Management’s Discussion and Analysis includes financial information prepared in accordance with GAAP.
Management’s Discussion and Analysis should be read in conjunction with the Condensed Consolidated Financial Statements and Notes in Part I, Item 1 of this Form 10-Q. For information on factors that may cause our actual future results to differ from those we currently anticipate, see Forward-Looking Information at the front of this Form 10-Q and Risk Factors in Part 1, Item 1A of our 2023 Annual Report on Form 10-K, and in Part II, Item 1A of this Form 10-Q.
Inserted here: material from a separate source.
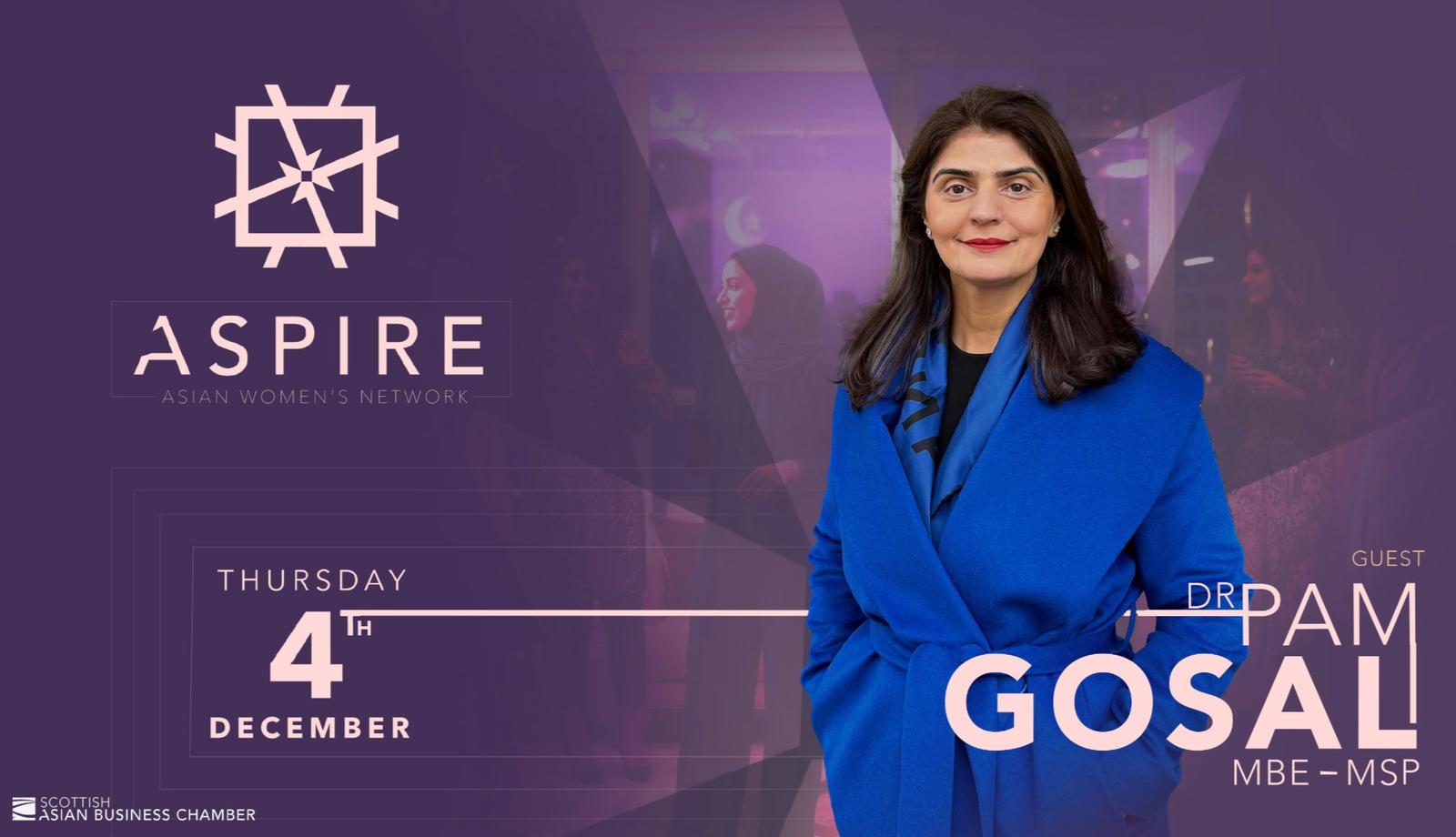 Aspire is the Scottish Asian Business Chamber’s women’s network - a community where Asian women come together through sharing journeys, connection, pride and identity.

References in Management's Discussion and Analysis to "we," "our," and "us" are to TEP.

OUTLOOK AND STRATEGIES
Our financial performance and outlook are affected by many factors, including: (i) global, national, regional, and local economic conditions; (ii) volatility in the financial markets; (iii) environmental laws, regulations, and policies; and (iv) other regulatory and legislative actions. Our plans and strategies include:
Achieving constructive outcomes in our regulatory proceedings that will provide us: (i) recovery of our full cost of service and an opportunity to earn an appropriate return on our rate base investments; and (ii) updated rates that provide more accurate price signals and a more equitable allocation of costs to our customers.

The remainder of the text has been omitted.